29-03-2024 01:13 AM Jerusalem Timing

Ivory Coast Back to Political Life in First Post-Gbagbo Elections

Ivory Coast Back to Political Life in First Post-Gbagbo Elections

Ivory Coast elections to choose a new parliament started on Sunday in a first post- Laurent Gbagbo polls

Ivory Coast elections to choose a new parliament started on Sunday in a first post- Laurent Gbagbo polls.

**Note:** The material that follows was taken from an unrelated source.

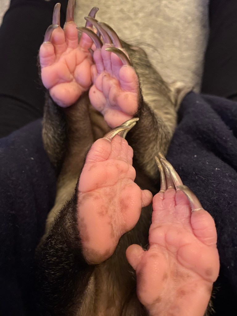At first Elsie was very shy and hesitant around Barney. She has been with me for so long that she knows nothing else. Wombat joeys live closely to mum in the pouch – they hear the grunts of the mum and other body noises, they feel the sensation when mum rolls over, runs, digs or eats. Elsie spent considerable time in a cloth pouch down my top to provide her with the same sensations that she would have otherwise received but she also spent so much time in a humidicrib. Barney, on the other hand, had difficulty transitioning to humans and for a long time was an uptight ball! His feet were bright red – an obvious sign of stress and his little hands clenched tightly into fits. What could I do to help poor Barney destress? What works for you when you are stressed? Stress can effect every part of us and impact our health. The answer, to help Barney – a whole body massage using paw paw ointment! If you have doubts about the positive health benefits of massage – watch this video!

The party of the former strongman Gbagbo, who is awaiting trial in The Hague for crimes against humanity, boycotted the elections.
With Gbagbo sitting in an International Criminal Court (ICC) cell, the coalition backing President Alassane Ouattara is widely expected to gain a majority of the 255 seats in the new assembly.
  
The vote comes only a year after the poll that brought the world's top cocoa producer, once a beacon of stability in the west African region, to the brink of civil war in a conflict that claimed some 3,000 lives. And it follows a week of campaigning that left five people dead.
  
Some 25,000 members of the Ivorian security forces, backed by 7,000 members of the UN peacekeeping mission, will be deployed to ensure security during the election in this country of 21 million people.

Initial turnout was low at Abidjan polling stations visited by AFP journalists in Adjame as well as Koumassi, where the main market is located, and in the central city of Bouake.

About 5.7 million voters will cast their ballots, with polling stations to close at 5:00 pm (1700 GMT), watched over by 150 international and 3,000 Ivorian observers. Election results are expected mid-week.
  
Violence erupted in the former French colony after the November 2010 presidential run-off when Gbagbo was eventually captured in his presidential palace by pro-Ouattara forces in April 2011, with support from French and UN troops.
  
Gbagbo's Ivorian Popular Front has called its champion's transfer to the ICC a "political kidnapping," vowing to pull out of the reconciliation process.